The reduced amounts are as follows

Age Standard minimum % withdrawal Reduced rates for FY20 and FY21
Under 65 4% 2%
65-74 5% 2.5%
75-79 6% 3%
80-84 7% 3.5%
85-89 9% 4.5%
90-94 11% 5.5%
95 or more 14% 7%

FY2021 related-party limited recourse borrowing arrangement rates

If you are using limited recourse borrowing arrangements between your SMSF and a related party, the ATO has set the preferred loan pricing. Feel free to use a lower rate if you can justify it as comparable to an arm’s length lender such as a banking institution.

Financial Year Real Property Listed Shares/Units
2020/21 5.1% 7.1%

Changes to the work test

On 28 May 2020, the Federal Government updated regulations via Superannuation Legislation Amendment (2020 Measures No. 1) Regulations 2020 to increase the maximum age for voluntary contributions without meeting the work test. Before 1 July 2020, an individual over the age of 65 would have to meet the work test before making a voluntary superannuation contribution. The work test involves working 40 hours in a 30-day consecutive period during the financial year. Voluntary super contributions include salary sacrifice, personal deductible and non-deductable contributions, and spouse contributions.

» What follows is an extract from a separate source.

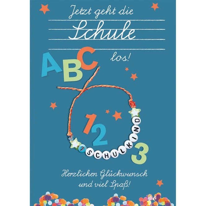- Schriftzug: Jetzt geht die Schule los! Herzlichen Glückwunsch und viel Spaß!

From 1 July 2020, individuals who are under age 67 can make personal contributions to superannuation. If you are considering any voluntary contribution after age 67, you must meet the work test before contributing.

For balances below $300,000, there is a new work test exemption which allows individuals to make a once-off voluntary contribution for the financial year following retirement, up to 28 days after your 75th birthday.

It is worth noting that the extension does not apply to the bring-forward rule for non-concessional contributions which is expected to pass through parliament in the coming months.

Director Identification Number (DIN) regime

The new DIN legislation was passed by parliament via the Treasury Laws Amendment (registries modernisation and other measures) Bill 2019 in June to deter and detect corporate phoenix activity. A DIN will improve transparency and traceability of the director’s various company relationships by tracking directors of failed companies and the use of false identities.

The unintended consequence of the legislation is that directors of an SMSF corporate trustee will be required to register and obtain their DIN by 12 June 2022 (or earlier if set by the appointed regulatory body). This will also impact the process for appointments of new directors to SMSF’s whereby there will be a 28-day reporting period to the regulator.

Where to from here?

We await the next sitting of parliament in late July for the outcomes of the bring-forward rules. No doubt the superannuation system will continue to change in the coming year as the government reacts to the current economic times. As always, in an ever more complex environment, be sure to seek advice from a qualified professional concerning your superannuation matters.